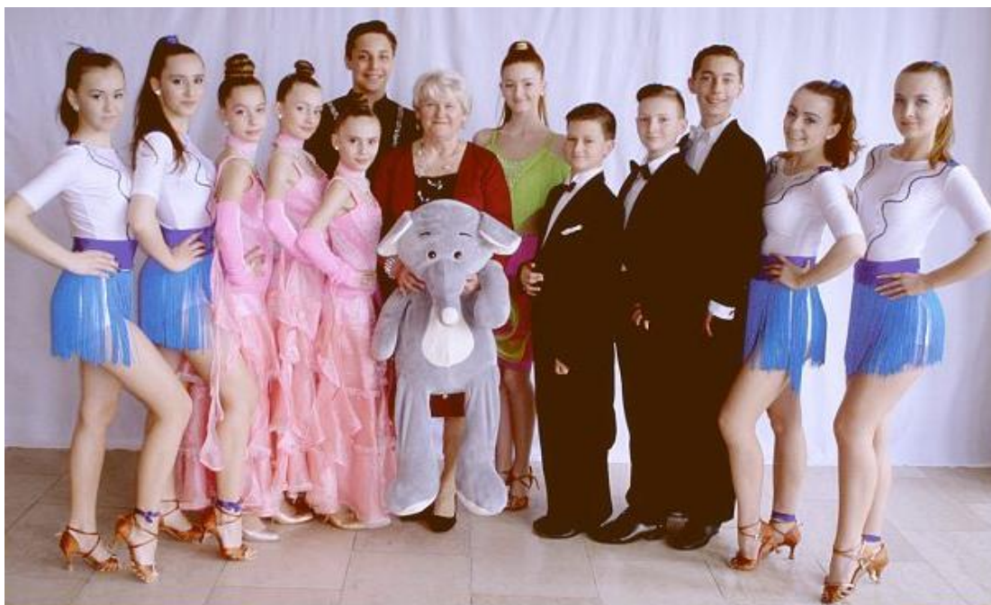
Tanečno-športové centrum Tempo Kežmarok
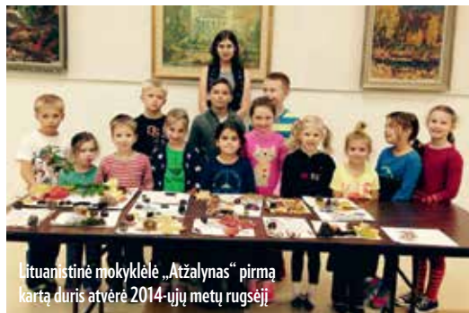
Lituanstinė mokyklėlė „Atžalynas“ pirmą kartą duris atvėrė 2014-ųjų metų rugsėjį
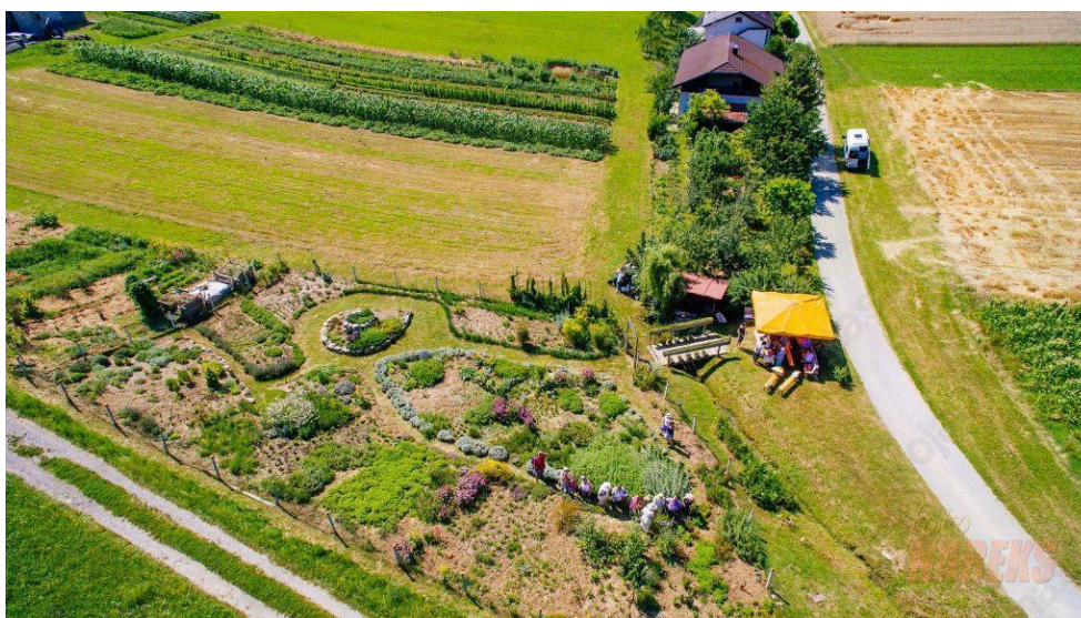
Slika 2: Zeliščni vrt Majnika

Zeliščni vrt je namenjen ogledom, izobraževalnim dejavnostim in prodaji zelišč, ki jih vzgajajo na biodinamičen način.
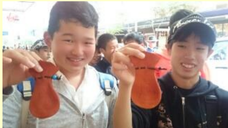
■324 こ、これは... カンガルーの... です
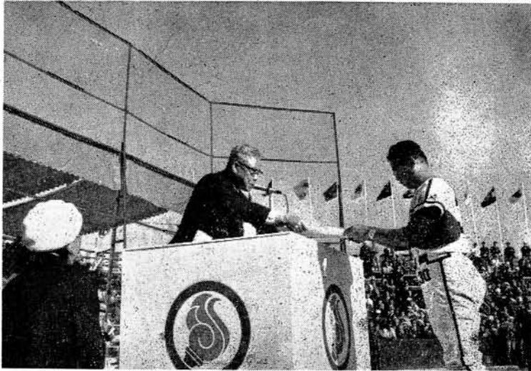
十月三十日 表彰状を受けとる優勝佐世保重工のチーム
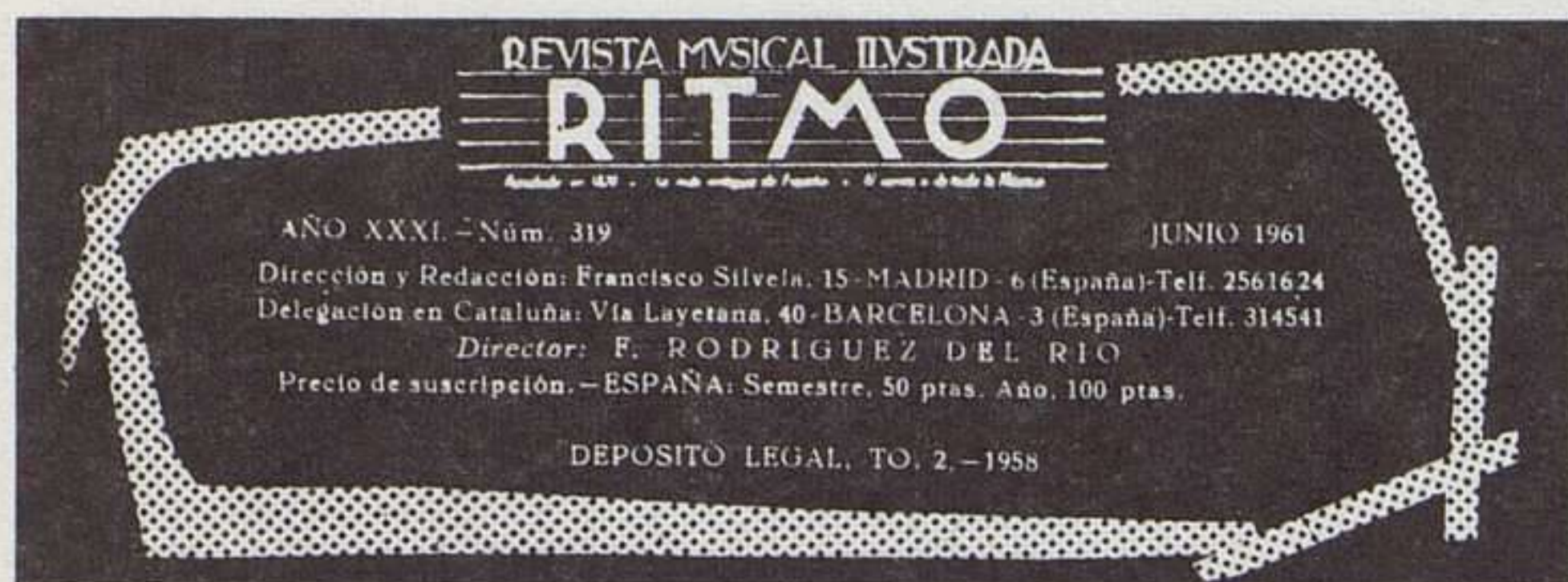
Mancheta del n. 319, junio 1961.

de la cubierta, que presenta una o varias fotografías en caprichosas formas oblicuas de irregulares ángulos, según la última moda del momento, que también afectó al cuadro de la mancheta editorial interior (dislocado en diversos trazos), pero que no fue capaz de alterar la tipografía característica del título.
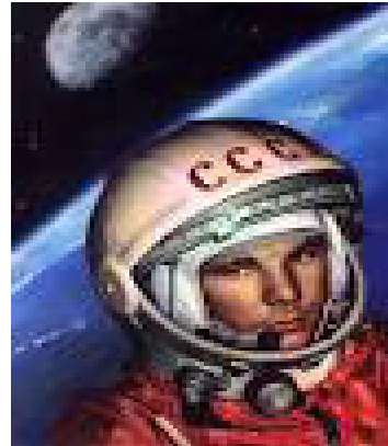
Kosmonaut Juri Gagarin startet als erster Mensch in das Weltall
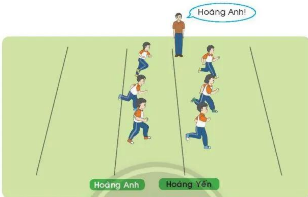
Trò chơi "Hoàng Anh - Hoàng Yến"
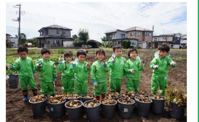
じゃがいも! 大量だあ!!
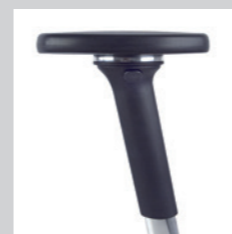
4D Multifunktionsarmlehne NPR

****************

WORK TO BE COMPLETED: Pull every line containing "Zeliščni" out of the material and copy it.

OUTPUT OF THE TASK:
Slika 2: Zeliščni vrt Majnika
Zeliščni vrt je namenjen ogledom, izobraževalnim dejavnostim in prodaji zelišč, ki jih vzgajajo na biodinamičen način.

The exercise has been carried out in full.